**DESCRIPTION OF THE TASK**: Required from the data below: the exact lines starting at the line containing "Audiciónde Peter Roggenkamp" and ending at the line containing "Một người bắn", with both ends kept and all pictures dropped.

==== MATERIAL PROVIDED ====

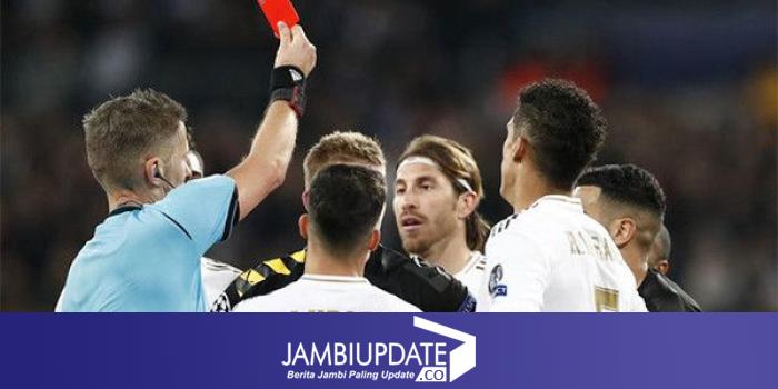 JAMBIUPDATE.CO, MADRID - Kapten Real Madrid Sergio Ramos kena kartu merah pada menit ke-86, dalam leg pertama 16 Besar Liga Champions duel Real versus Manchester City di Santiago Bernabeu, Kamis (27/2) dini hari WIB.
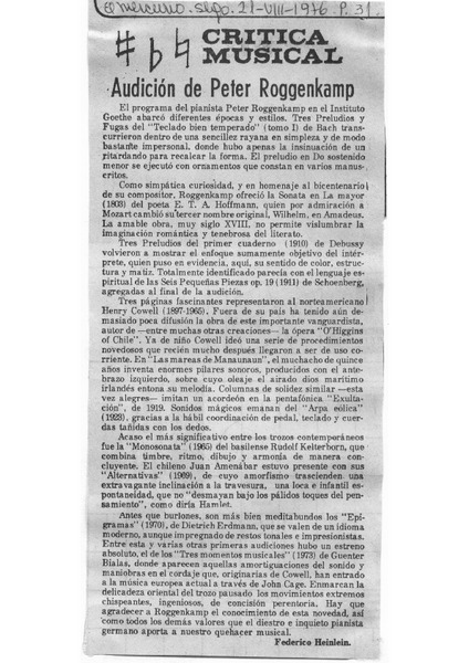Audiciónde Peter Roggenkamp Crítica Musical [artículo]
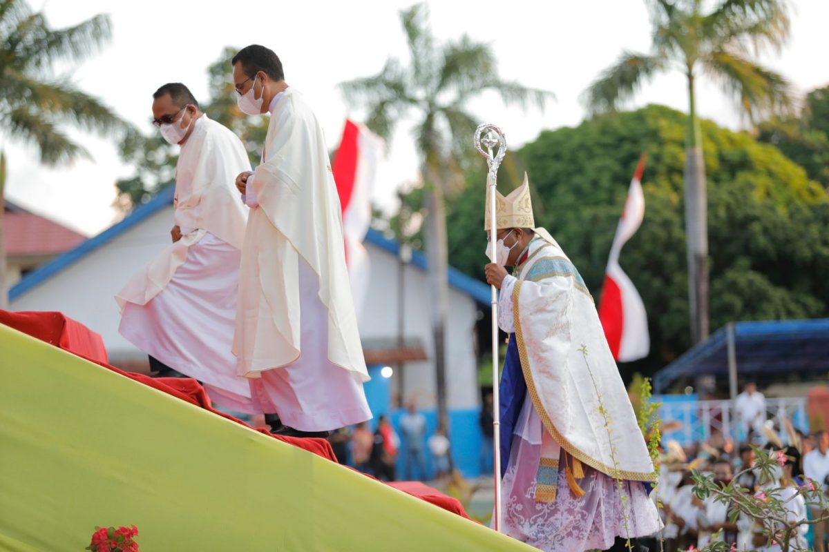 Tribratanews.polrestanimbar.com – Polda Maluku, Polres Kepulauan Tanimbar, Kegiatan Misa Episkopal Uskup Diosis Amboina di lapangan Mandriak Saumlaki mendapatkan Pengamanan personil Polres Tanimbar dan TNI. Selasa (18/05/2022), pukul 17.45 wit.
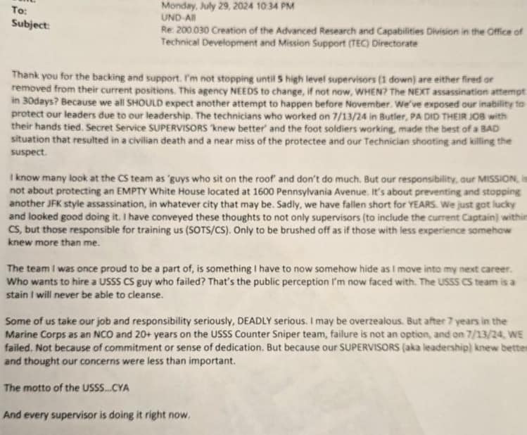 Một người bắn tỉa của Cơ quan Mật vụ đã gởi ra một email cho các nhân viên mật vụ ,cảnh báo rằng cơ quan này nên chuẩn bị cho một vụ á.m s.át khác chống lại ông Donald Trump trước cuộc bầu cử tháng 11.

====
==== MATERIAL PROVIDED ====

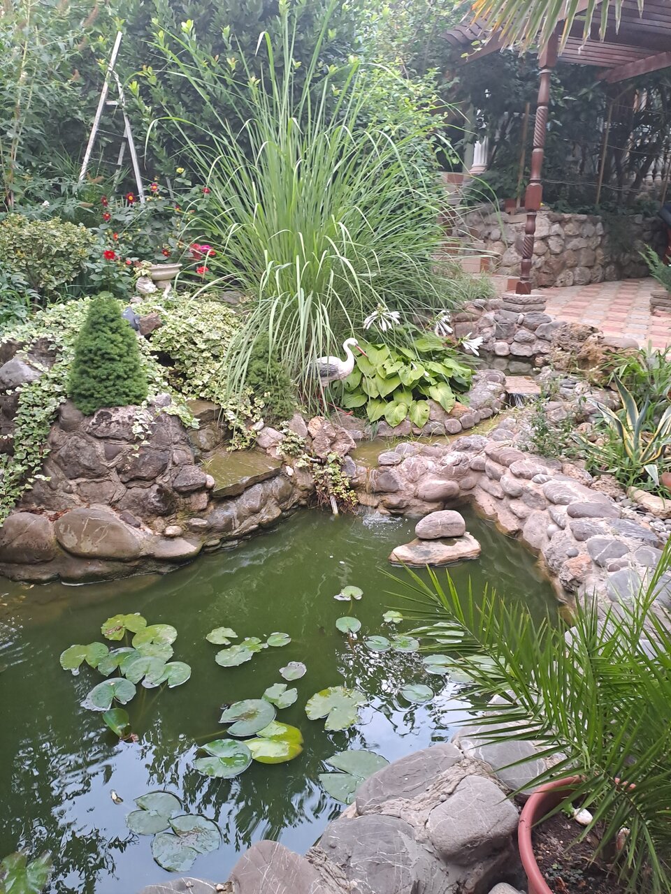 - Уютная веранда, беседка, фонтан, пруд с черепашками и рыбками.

====

**THE ANSWER**:
Audiciónde Peter Roggenkamp Crítica Musical [artículo]
 Tribratanews.polrestanimbar.com – Polda Maluku, Polres Kepulauan Tanimbar, Kegiatan Misa Episkopal Uskup Diosis Amboina di lapangan Mandriak Saumlaki mendapatkan Pengamanan personil Polres Tanimbar dan TNI. Selasa (18/05/2022), pukul 17.45 wit.
 Một người bắn tỉa của Cơ quan Mật vụ đã gởi ra một email cho các nhân viên mật vụ ,cảnh báo rằng cơ quan này nên chuẩn bị cho một vụ á.m s.át khác chống lại ông Donald Trump trước cuộc bầu cử tháng 11.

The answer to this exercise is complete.